— Task instructions —
Restate word for word the lines of the entries below, starting with the line that holds "Clickbait headlines are" and ending with the line that holds "蔚藍(lán)的天空下,八一", and no others.

— Records to process —
* * * *

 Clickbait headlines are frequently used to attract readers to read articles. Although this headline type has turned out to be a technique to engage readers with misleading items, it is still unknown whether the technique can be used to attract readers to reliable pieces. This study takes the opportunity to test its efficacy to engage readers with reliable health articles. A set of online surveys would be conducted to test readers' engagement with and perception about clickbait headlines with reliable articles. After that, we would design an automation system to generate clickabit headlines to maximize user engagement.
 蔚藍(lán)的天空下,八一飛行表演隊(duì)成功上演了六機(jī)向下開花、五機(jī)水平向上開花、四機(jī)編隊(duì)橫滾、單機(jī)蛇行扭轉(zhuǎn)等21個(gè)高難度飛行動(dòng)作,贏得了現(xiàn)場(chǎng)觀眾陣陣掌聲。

* * * *

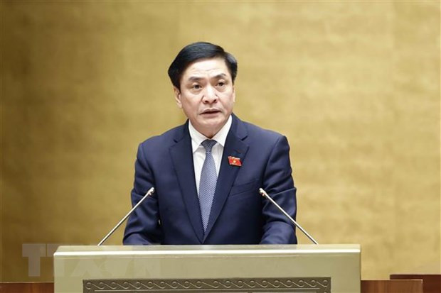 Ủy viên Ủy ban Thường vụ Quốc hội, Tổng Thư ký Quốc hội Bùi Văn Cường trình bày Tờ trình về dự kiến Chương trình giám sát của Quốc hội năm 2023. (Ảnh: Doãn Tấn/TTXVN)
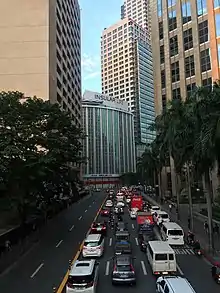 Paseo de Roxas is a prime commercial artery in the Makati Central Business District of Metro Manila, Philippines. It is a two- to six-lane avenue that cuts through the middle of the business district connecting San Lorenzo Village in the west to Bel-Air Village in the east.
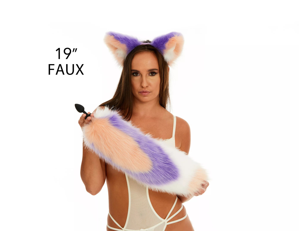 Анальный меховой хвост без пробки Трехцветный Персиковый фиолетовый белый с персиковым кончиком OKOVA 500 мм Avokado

* * * *

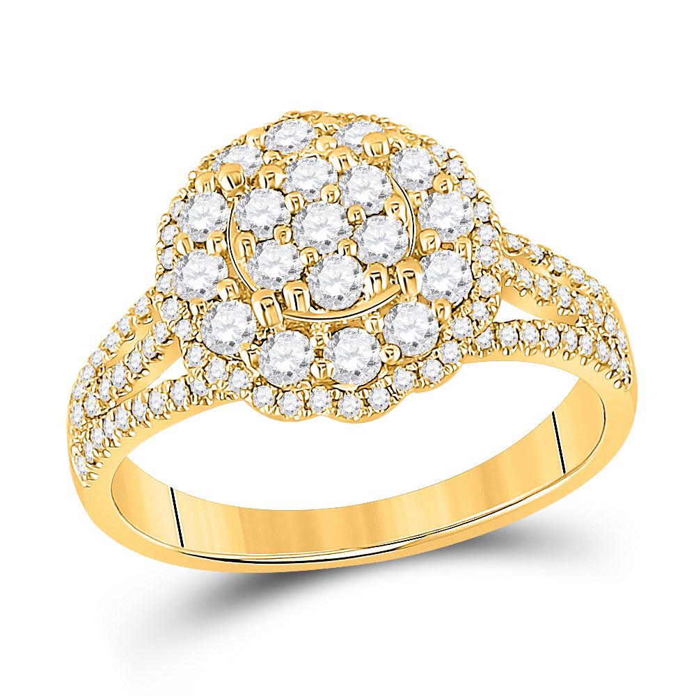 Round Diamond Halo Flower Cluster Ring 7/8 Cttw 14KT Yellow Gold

* * * *

— Response area —
 Clickbait headlines are frequently used to attract readers to read articles. Although this headline type has turned out to be a technique to engage readers with misleading items, it is still unknown whether the technique can be used to attract readers to reliable pieces. This study takes the opportunity to test its efficacy to engage readers with reliable health articles. A set of online surveys would be conducted to test readers' engagement with and perception about clickbait headlines with reliable articles. After that, we would design an automation system to generate clickabit headlines to maximize user engagement.
 蔚藍(lán)的天空下,八一飛行表演隊(duì)成功上演了六機(jī)向下開花、五機(jī)水平向上開花、四機(jī)編隊(duì)橫滾、單機(jī)蛇行扭轉(zhuǎn)等21個(gè)高難度飛行動(dòng)作,贏得了現(xiàn)場(chǎng)觀眾陣陣掌聲。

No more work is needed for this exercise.